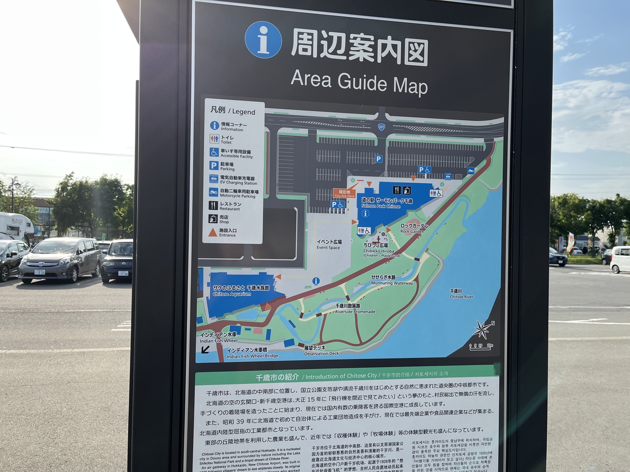 トイレの綺麗な道の駅北海道でナンバー1に選ばれただけあって、とても明るくて綺麗な道の駅でした。サーモンパークは道の駅の中にはサーモンはいませんでしたが、同じ敷地には水族館があり秋にはサーモンが溯上も見れるようです。道の駅にはフードコートがあり食事できる所もあり、農産物直売所、お土産売り場、コンビニもあります。裏には子供の遊び場もあり道の駅としては、割といいと思うのですが、空港に早くついても千歳空港があまりにも魅力的すぎて早く空港に行きたくなるのでちょっと損しているかも。夕方だったので農産物が、少し少なめだったのが残念でした。
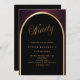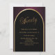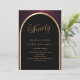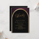 Una elegante invitación de cumpleaños número 90. Un fondo negro y borgoñoso con un arco dorado en la parte delantera.
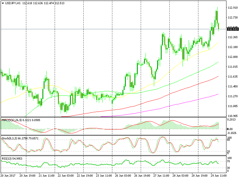 Actually, USD/JPY has retraced about 40 pips lower over the last couple of hours, which gives us a good opportunity to jump in on the northbound USD/JPY train. Although I prefer to wait for the price to reach the 50 SMA (yellow) on the hourly forex chart, it probably won't be long.
* * *
### EXERCISE DIRECTIONS
Every line above must be printed again exactly, pictures excluded.

### TASK RESPONSE
 トイレの綺麗な道の駅北海道でナンバー1に選ばれただけあって、とても明るくて綺麗な道の駅でした。サーモンパークは道の駅の中にはサーモンはいませんでしたが、同じ敷地には水族館があり秋にはサーモンが溯上も見れるようです。道の駅にはフードコートがあり食事できる所もあり、農産物直売所、お土産売り場、コンビニもあります。裏には子供の遊び場もあり道の駅としては、割といいと思うのですが、空港に早くついても千歳空港があまりにも魅力的すぎて早く空港に行きたくなるのでちょっと損しているかも。夕方だったので農産物が、少し少なめだったのが残念でした。
 Una elegante invitación de cumpleaños número 90. Un fondo negro y borgoñoso con un arco dorado en la parte delantera.
 Actually, USD/JPY has retraced about 40 pips lower over the last couple of hours, which gives us a good opportunity to jump in on the northbound USD/JPY train. Although I prefer to wait for the price to reach the 50 SMA (yellow) on the hourly forex chart, it probably won't be long.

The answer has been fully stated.